By actively mining for disagreement rather than allowing it to go unspoken, giving explicit real-time permission for debate to continue when teams instinctively pull back, and distinguishing productive idea-focused conflict from destructive personal conflict. The leader’s primary job is to make avoiding conflict feel worse than having it.
What is the Five Dysfunctions of a Team field guide?
Overcoming the Five Dysfunctions of a Team: A Field Guide is Lencioni’s practical companion to his original book. It provides team exercises, leader guidance, and facilitation tools for applying the five dysfunctions model to a real working team. It is designed to bridge the gap between understanding the framework and changing behavior within it.
How long does it take to overcome team dysfunction?
There is no honest single answer. Trust, the foundational layer, typically takes months of consistent modeling and repeated small moments of safe vulnerability to build meaningfully. Teams that work through all five layers with structured facilitation support typically see measurable behavioral change within three to six months, with consolidation over the following year. Dysfunction that took years to develop does not resolve in a workshop.
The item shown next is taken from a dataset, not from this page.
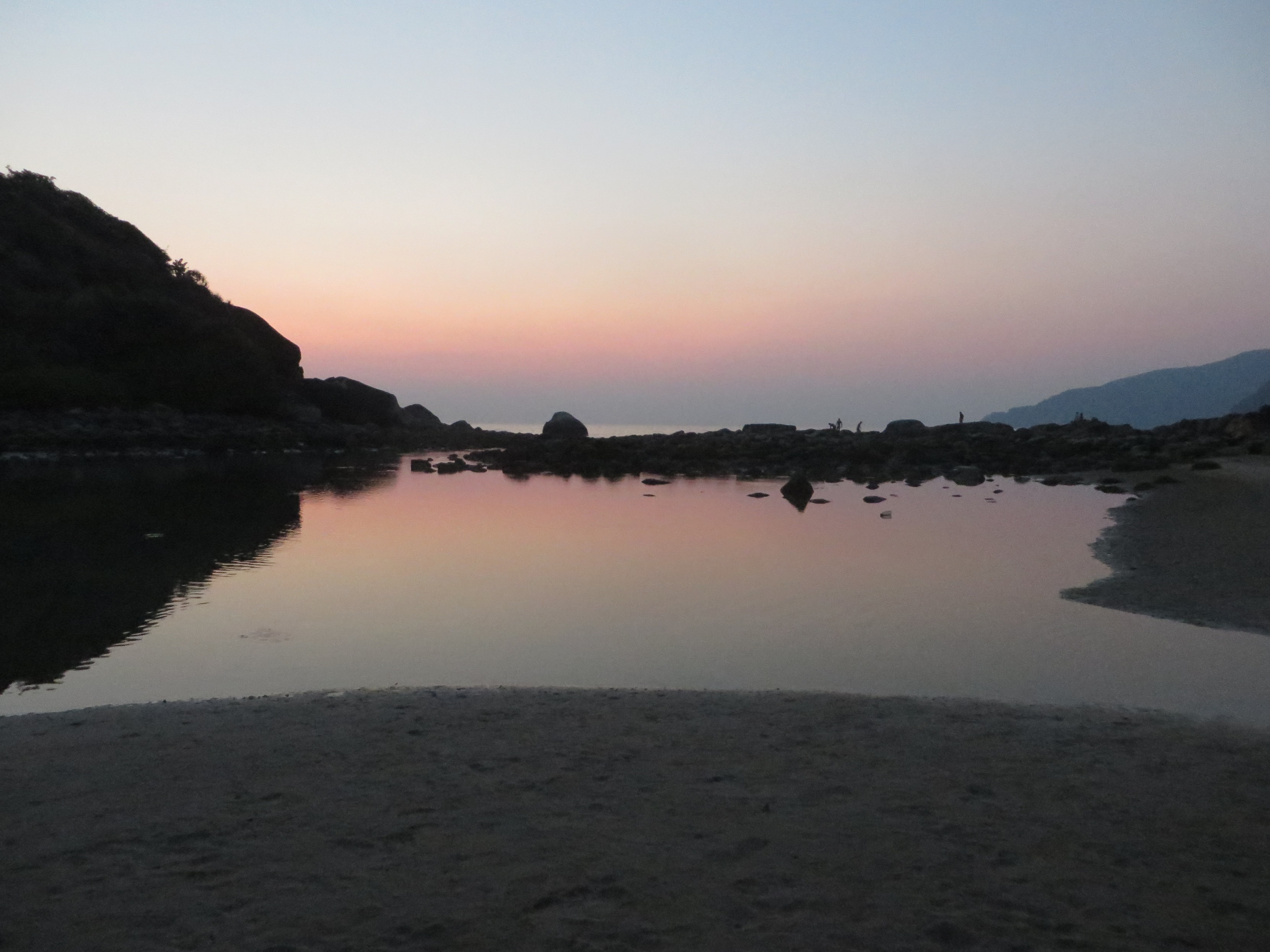 We walked to the end of the crescent bay and watched the sun turn peach and purple and the rocks and palms were just black and ancient and timeless.

Can the five dysfunctions be overcome without external facilitation?
Partially. Leaders who are self-aware, deeply committed to the model, and willing to model vulnerability consistently can make real progress using Lencioni’s field guide independently. The limitation is that internal facilitation requires the leader to simultaneously drive the process and participate in it — a dual role that creates blind spots, particularly around the leader’s own contribution to dysfunction. External facilitation removes that constraint.